Tank OS loads OpenClaw into Red Hat’s Fedora Linux OS inside a Podman container and turns that container into a bootable image. This means that OpenClaw runs and starts when your computer starts.
Her tools include everything needed to make OpenClaw useful without human supervision, including state (the parts that can be remembered). Ability to store API keys (credentials for accessing subscriptions and services). There are functions such as.
Users can run multiple Tank OS instances on their machines to perform various tasks, but they do not share passwords or credentials between them, and OpenClaw instances cannot access anything else running on the computer.
O’Malley said he knows the OpenClaw project is working to make the agent more secure, but that while “this is a very powerful application,” it can be “dangerous” if not configured properly. “It’s not an easy tool to use unless you have some technical experience,” she said.
Stories range from a meta-AI security researcher whose Claw started deleting all of his work emails to an agent who downloaded all of his users’ WhatsApp DMs in clear text. Malware targeting OpenClaw users is also on the rise.
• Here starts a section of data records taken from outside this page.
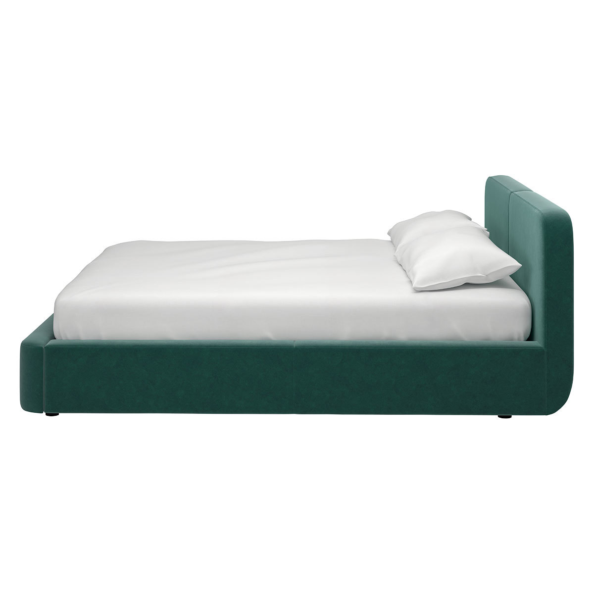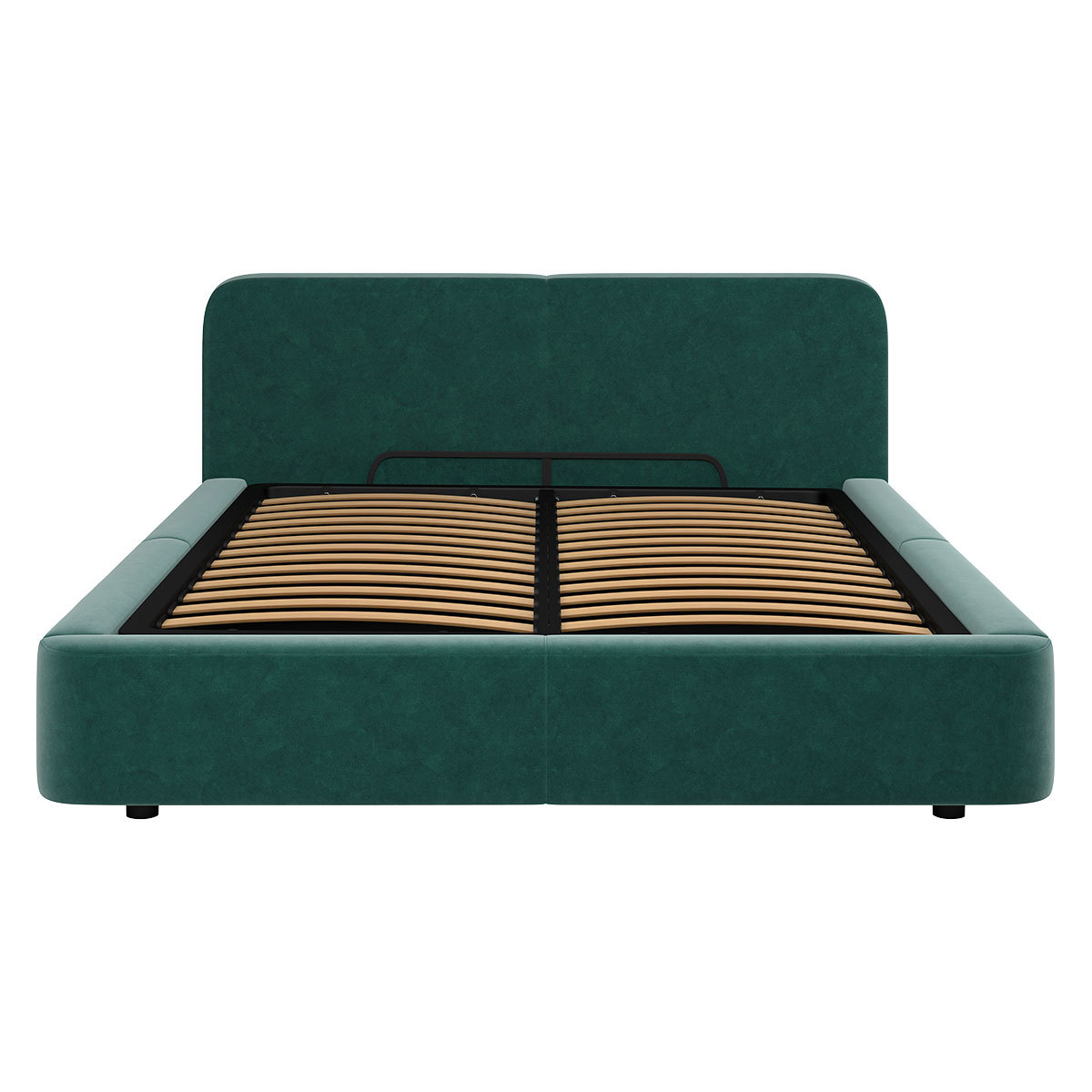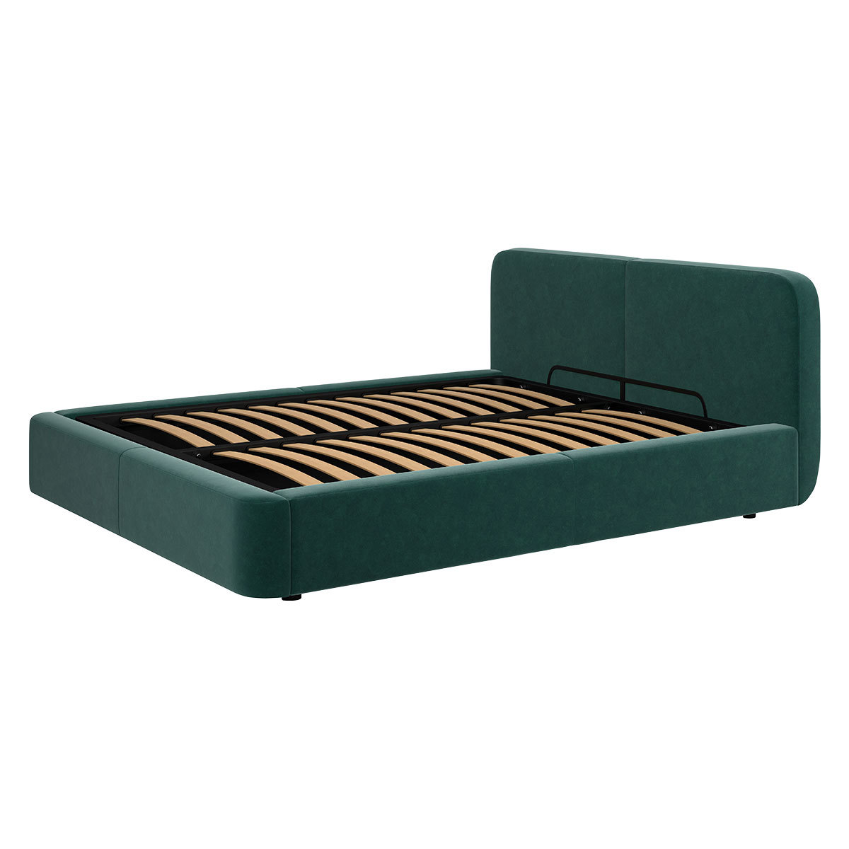 Quality and contemporary styled Ottori king bed is fully upholstered in luxurious emerald velvet fabric. Made in Italy, Ottori sleeping dimensions are slightly more generous and fit our european mattresses;The low platform bed features easy lift-up wooden slats revealing spacious storage beneath for bedding essentials. The smooth, soft curves and a deeply cushioned frame give the bed a clean lined look. Ottori is a EU continental size bed frame. Suitable for EU size mattress, sleeping dimensions W160 x L200cm. Part of the Ottori bed range, available in various colours in leather and wool, with and without storage option.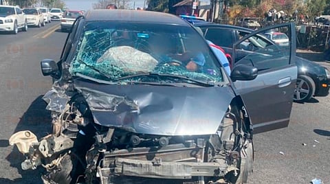 Se apreció que entre las unidades involucradas está una camioneta color rojo, propiedad de la empresa "Ferregarcia" y número económico 07. El otro automotor es compacto y de color gris acero, el cual quedó destrozado de la parte delantera.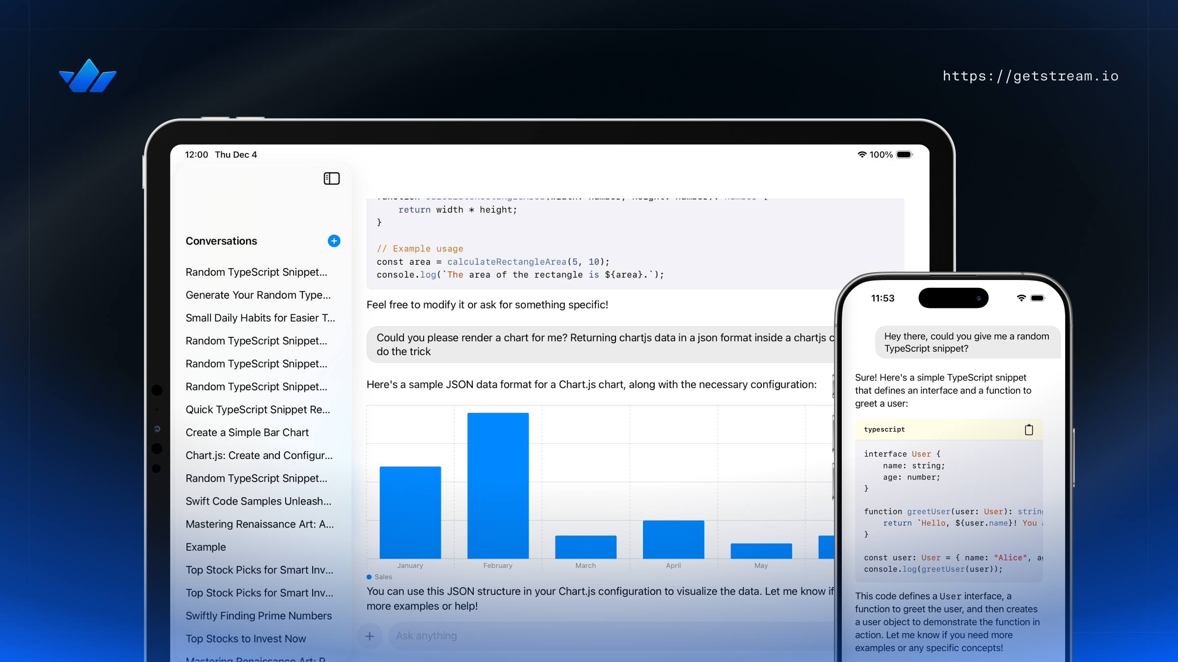 AI SDK Integration: Integrate StreamChat server-side with the popular AI SDK from Vercel.

Admittedly, Tank OS isn’t for techno novices either, she says. You must be comfortable installing and maintaining software on computers, she says. Additionally, Tank OS is not the only OpenClaw implementation that runs inside containers. For example, NanoClaw is doing something similar to the famous container company Docker.
But Tank OS is intended to be especially useful to IT professionals (aka Red Hat’s primary customers) who may one day manage fleets of OpenClaw agents on corporate computers. This allows you to update agents in the same way you already manage other containers.
“My role within OpenClaw is really interesting,” O’Malley said. “If you have millions of autonomous agents communicating with each other, what does that look like when you scale it out?”